When the storm hit the country in the early hours of the morning, most people were sound asleep

No formal disaster plans were in place and the situation soon devolved into disorder, panic, confusion, and chaos. There were, however, examples of people taking charge, mending dikes, and bringing others to safety. The following day, on February 1, the rest of the country learned of the event. After assessing the situation, national authorities began sending manpower and supplies to the disaster-stricken region. Unfortunately, the already vulnerable infrastructure was devastated and it was difficult to reach those in need. Even so, the Dutch army assisted with the evacuation of over 100,000 people and thousands of cattle. French and American military were also able to transport people and food by helicopter to and from remote areas. Thousands of others immediately began work to reconstruct and repair the dikes. Closing the dike breaches was a pressing concern since the twice-daily tides threatened to widen the breaches. The repair work was extremely complex and the authorities—aware of the many conflicting local-level decisions to be made—realized that safety could only be reestablished using a central approach. The government decided that it would fund the cost of reconstruction and that the Rijkswaterstaat would be in charge, while the local water boards would provide assistance and guidance. By November, all the breaches were closed (Gerritsen, 2005).

Only 20 days after the flood, officials, thoroughly shaken by the devastating impacts, appointed the Delta Works Committee to—quietly—research the causes of the disaster and develop measures to prevent anything like it from happening again. The committee revised some of the pre-flood projects and formulated the “Deltaplan.” The plan entailed blocking the estuary mouths of the big rivers, building dams and storm surge barriers, installing sluices and locks, and heightening and strengthening dikes. This series of constructions, christened the Deltawerken (Delta Works) was officially completed in 1997. Along with the Zuiderzee Works, Delta Works was named by the American Society of Civil Engineers as one of its Seven Wonders of the Modern World (Deltawerken, 2004).

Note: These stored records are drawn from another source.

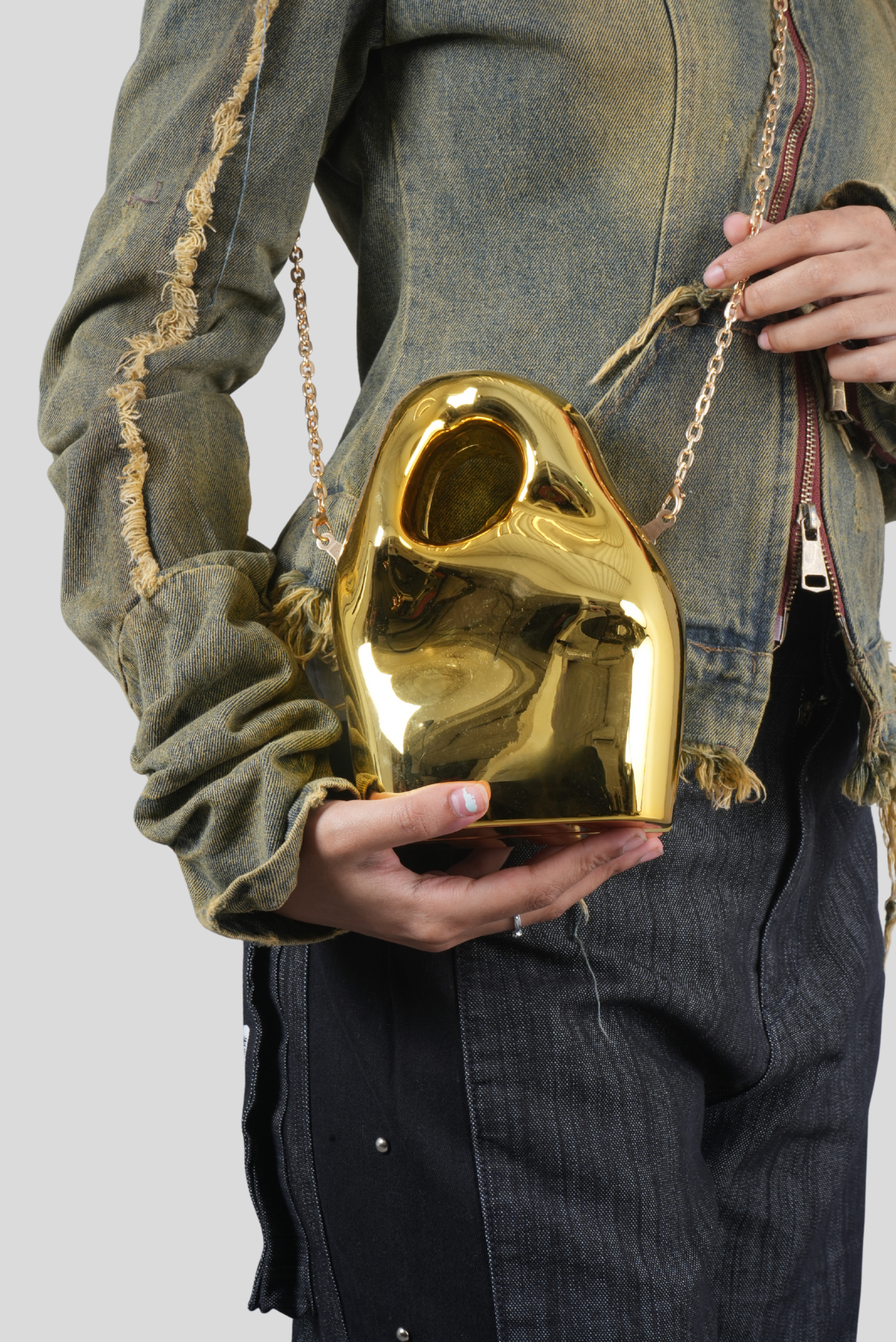 The MANACA Nova Core CASE is a sculptural statement born from the collision of art, architecture, and street culture. With its fluid, organic silhouette and high-gloss gold finish, this piece radiates futuristic energy and uncompromising presence. The asymmetrical design creates a bold visual language, while the smooth, curved structure feels like holding a piece of wearable art. Lightweight yet impactful, the Nova Core transitions effortlessly from statement daywear to high-octane night looks.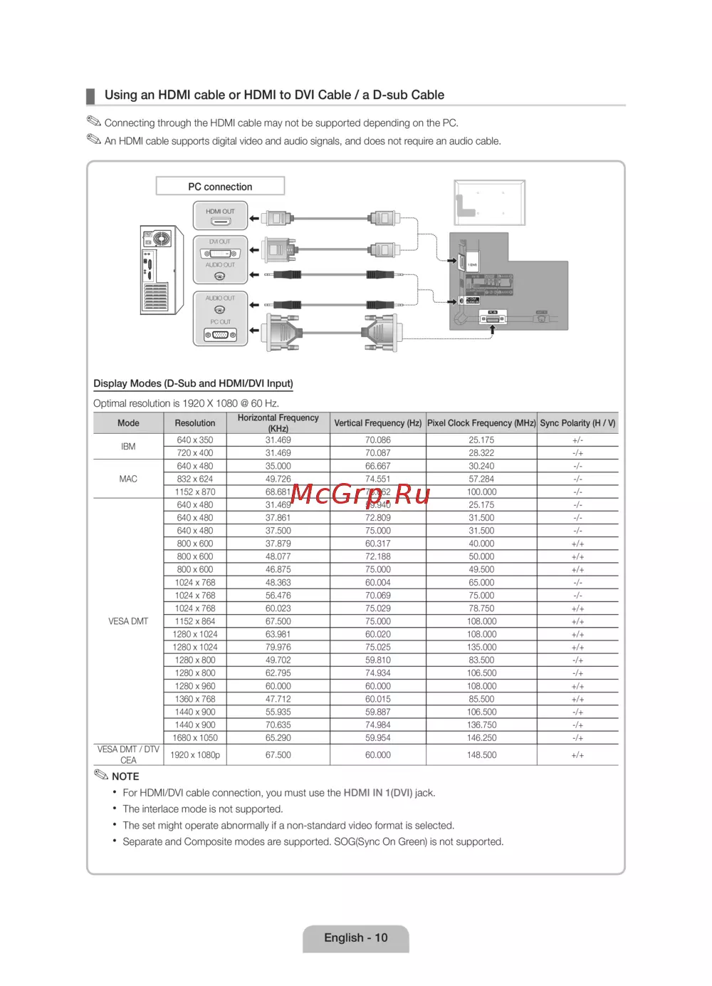 - Using an hdmi cable or hdmi to dvi cable a d sub cable p.10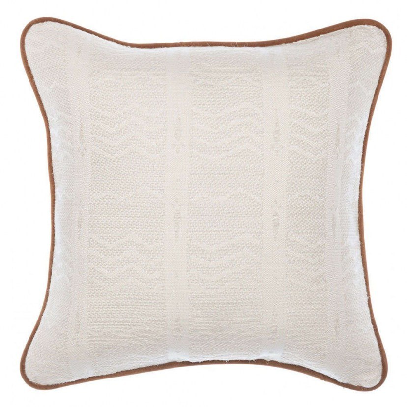 The White Lake Jacquard Decorative Pillow LC40167 got its name from the white sand of the beaches. The textured weave includes forms depicting waves and water movement, bringing a subtle depth to the surface, reminiscent of the lake itself. This monochrome jacquard design pillow is complemented by a contrasting brown suede edge. It is a high-quality pillow that features a rich filling of duck feathers, providing a luxurious and fluffy texture. Dry clean only.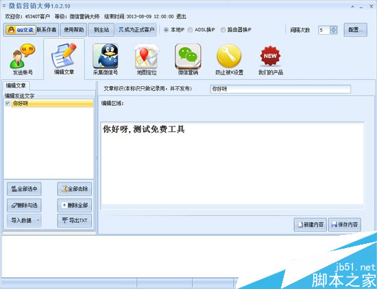 软件可以编辑群发文字,在群发时候使用,界面如下图: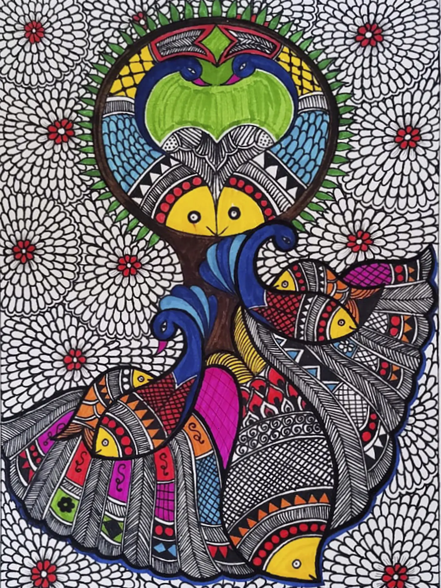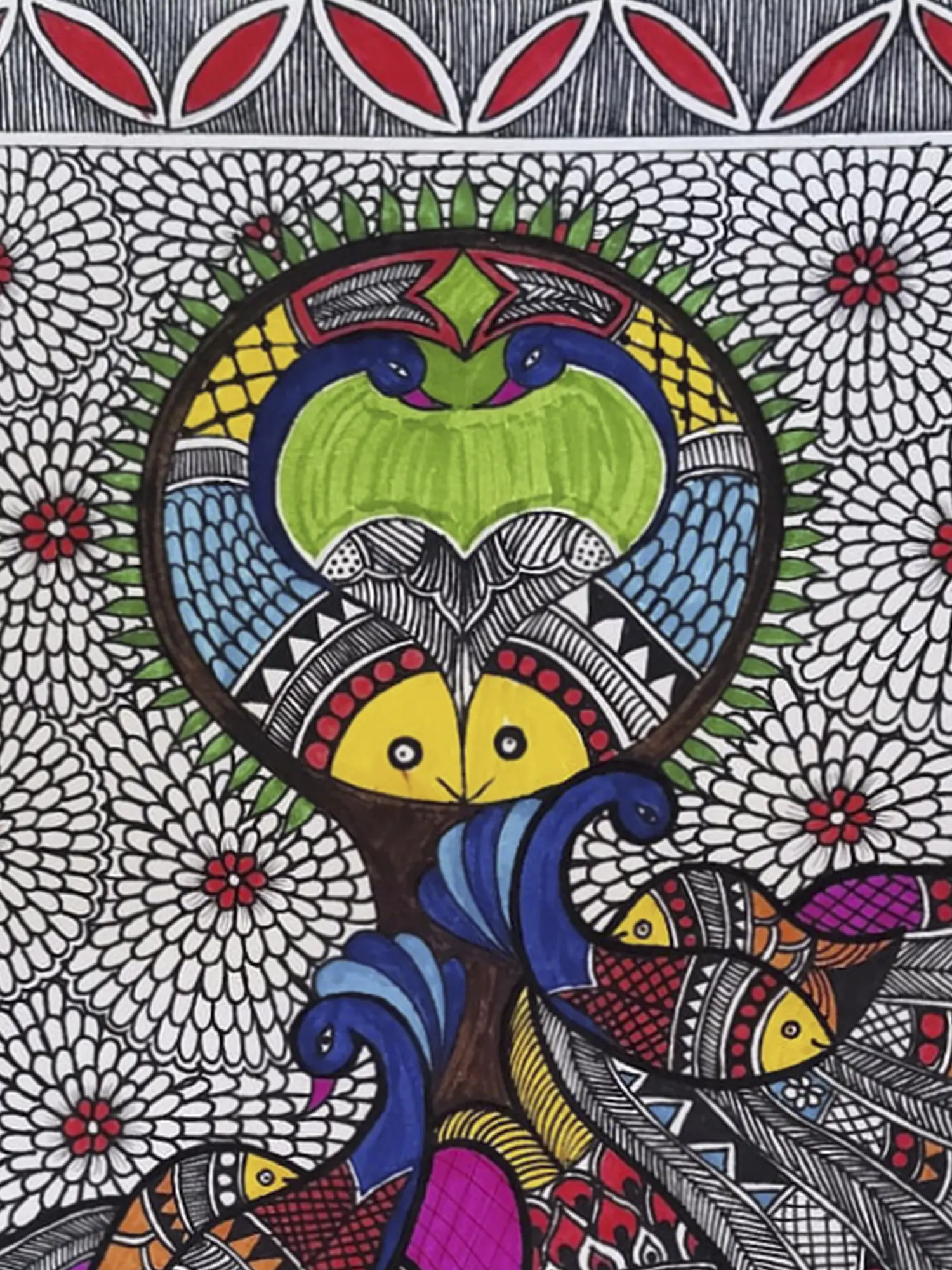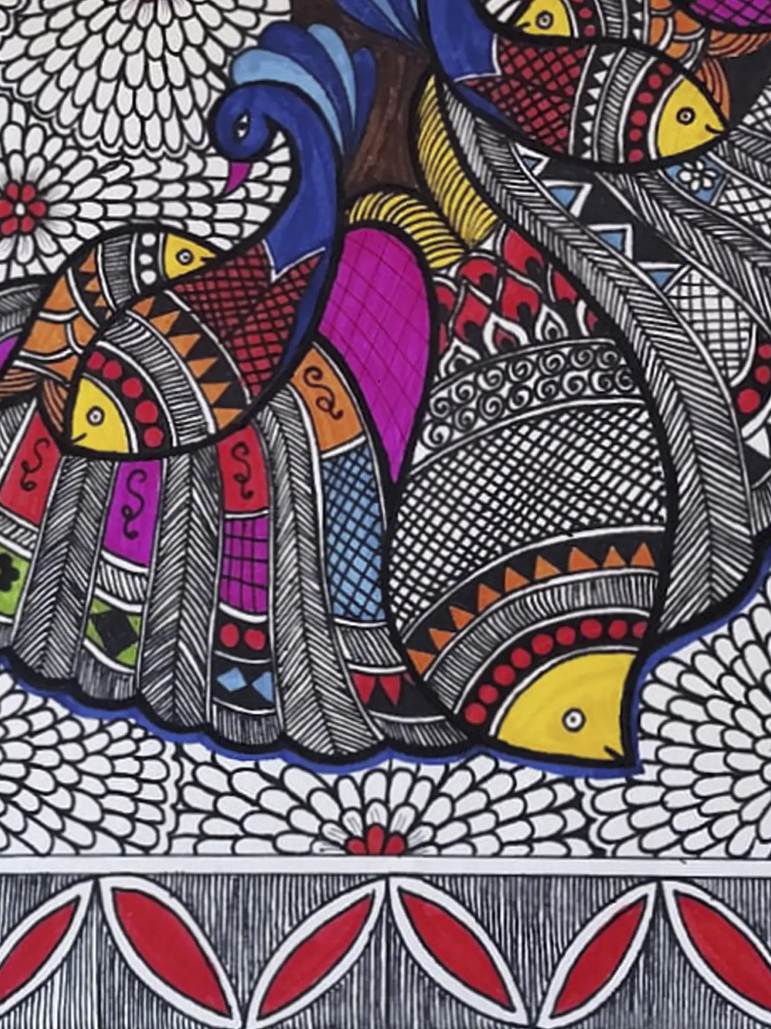 Dive into the enchanting realm of nature's marvels with our Combination of Nature painting. A delicate fusion of fish and peacock motifs, rendered in watercolour, evokes a sense of harmony and interconnectedness. Each stroke celebrates the diversity of life, symbolising grace, and vitality. The vibrant hues breathe life into the canvas, offering a glimpse into the intricacies of the natural world. Let this artwork adorn your space and awaken your appreciation for the wonders of creation.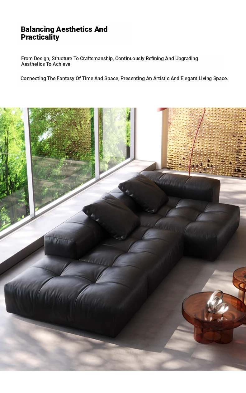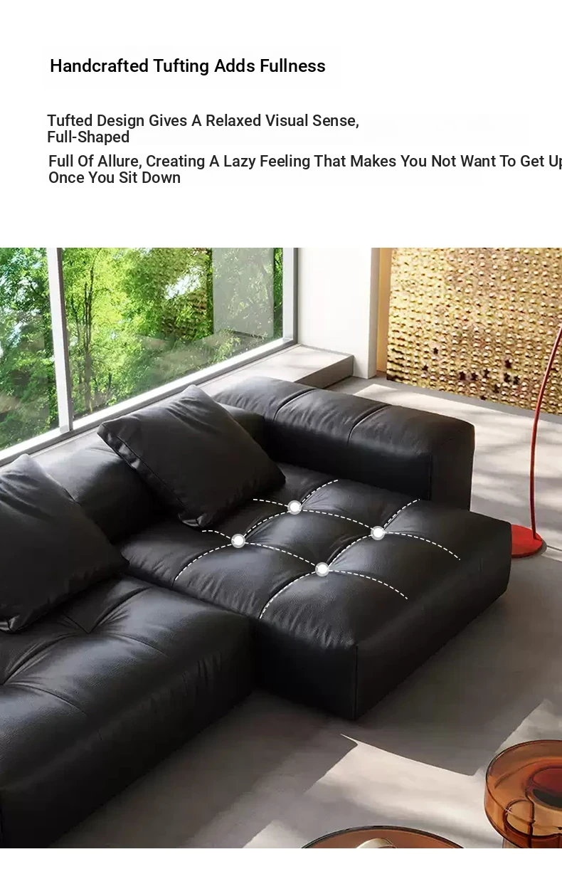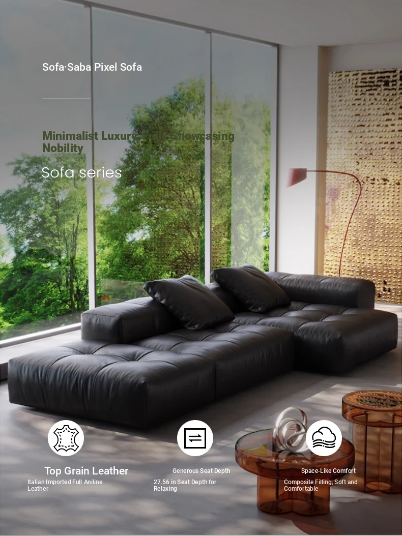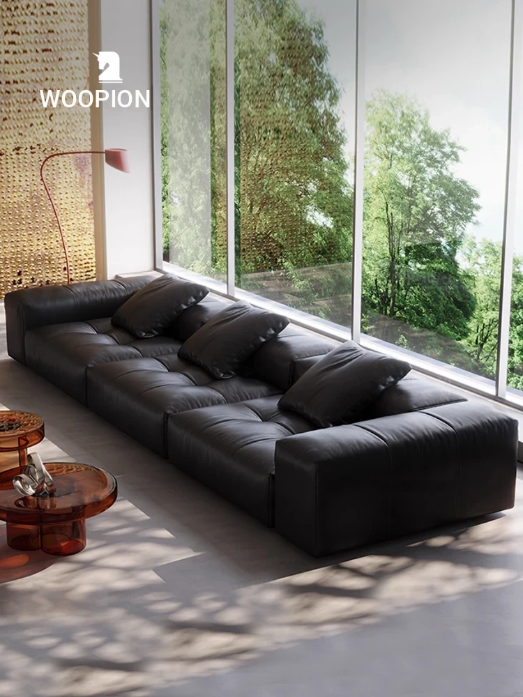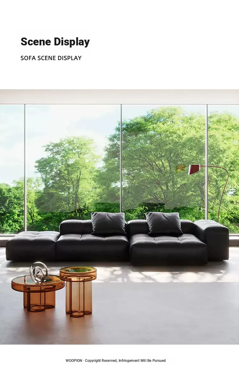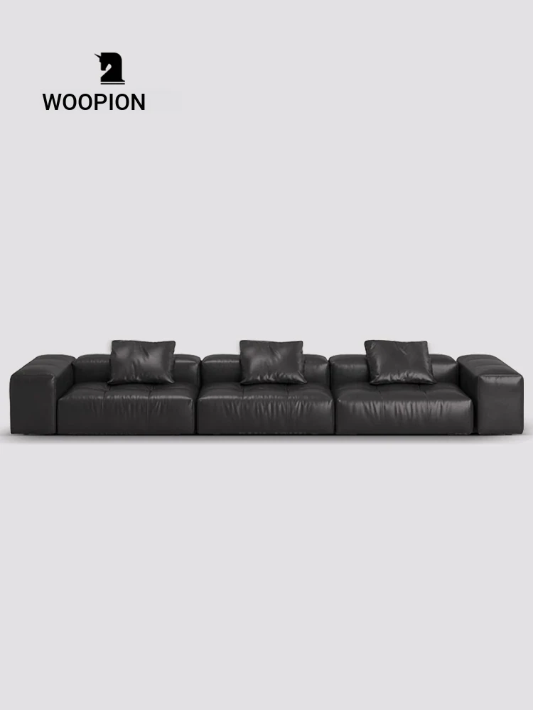 Wopai Pixel Genuine Leather Sofa - High-End Italian Minimalist Designer Style, Full Grain Black Cowhide for Luxurious Living Rooms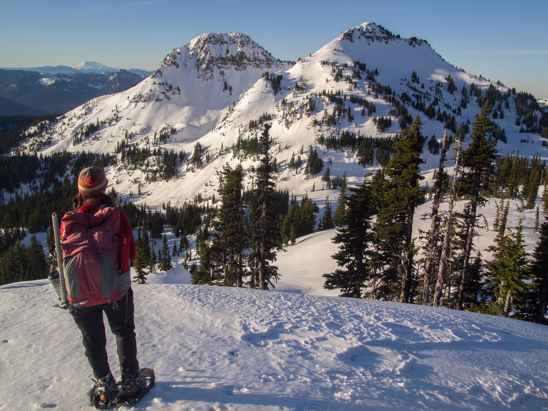 On the summit of Pyramid Peak, after a steep, icy climb. The crampon on Lindsay's left foot is falling off.
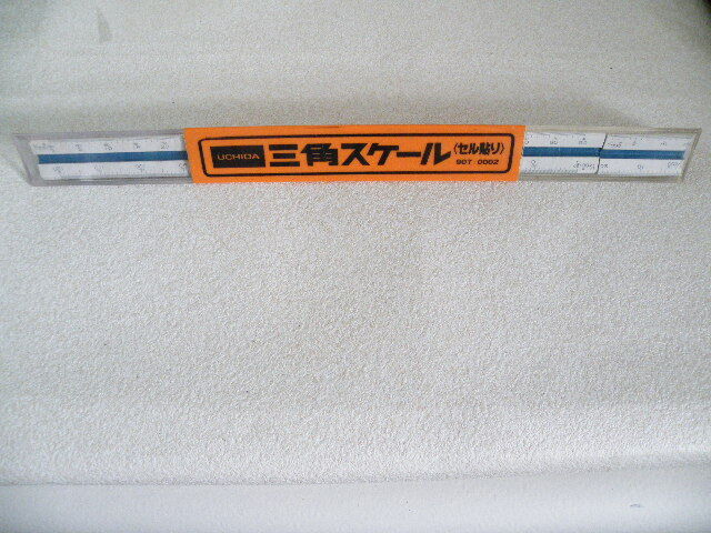 > ***☆★現状渡しコレクション放出 全長375mmUCHIDA(セル貼り)三角スケール 副尺付き クリアケース付き 907-0002 超美品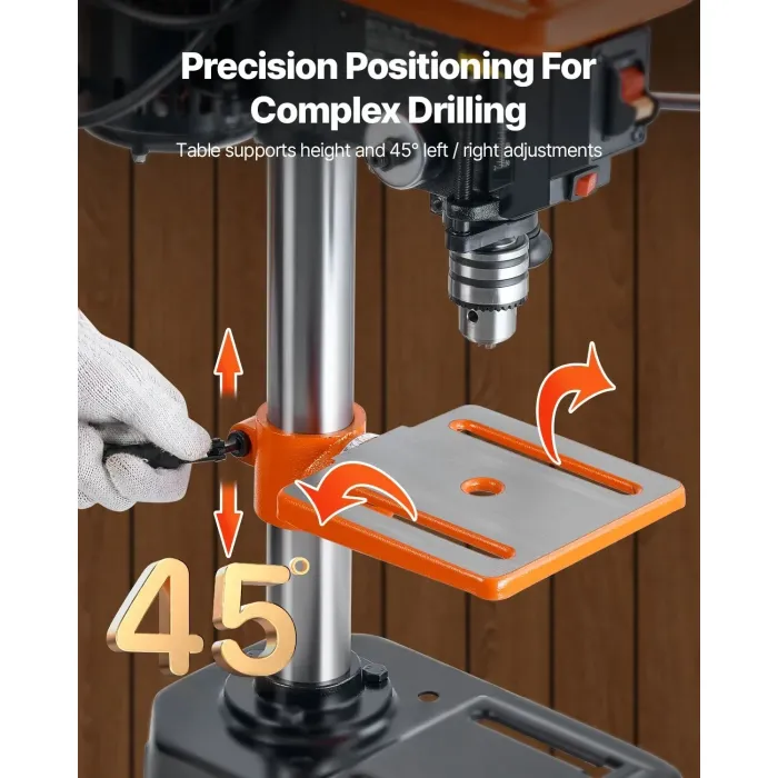 Изпитайте несравнима гъвкавост и стабилност с дебелата метална работна маса, която се регулира по височина и се накланя до 45°. Нашата настолна бормашина е идеална за прецизни и сложни задачи по пробиване на отвори, което я прави безценен инструмент за всяка работилница.

Deltawerken. 2004. (accessed on September 24, 2015). Gerritsen, Herman. 2005. “What Happened in 1953? The Big Flood in the Netherlands in Retrospect.” Philosophical Transactions Vol. 363 Issue 1831 (accessed on September 24, 2015). Raadschelders, J.C.N., Th.A.J. Toonen (eds.). 1993. Waterschappen in Nederland: een bestuurskundige verkenning van de institutionele ontwikkeling. Hilversum. Verloren b.v.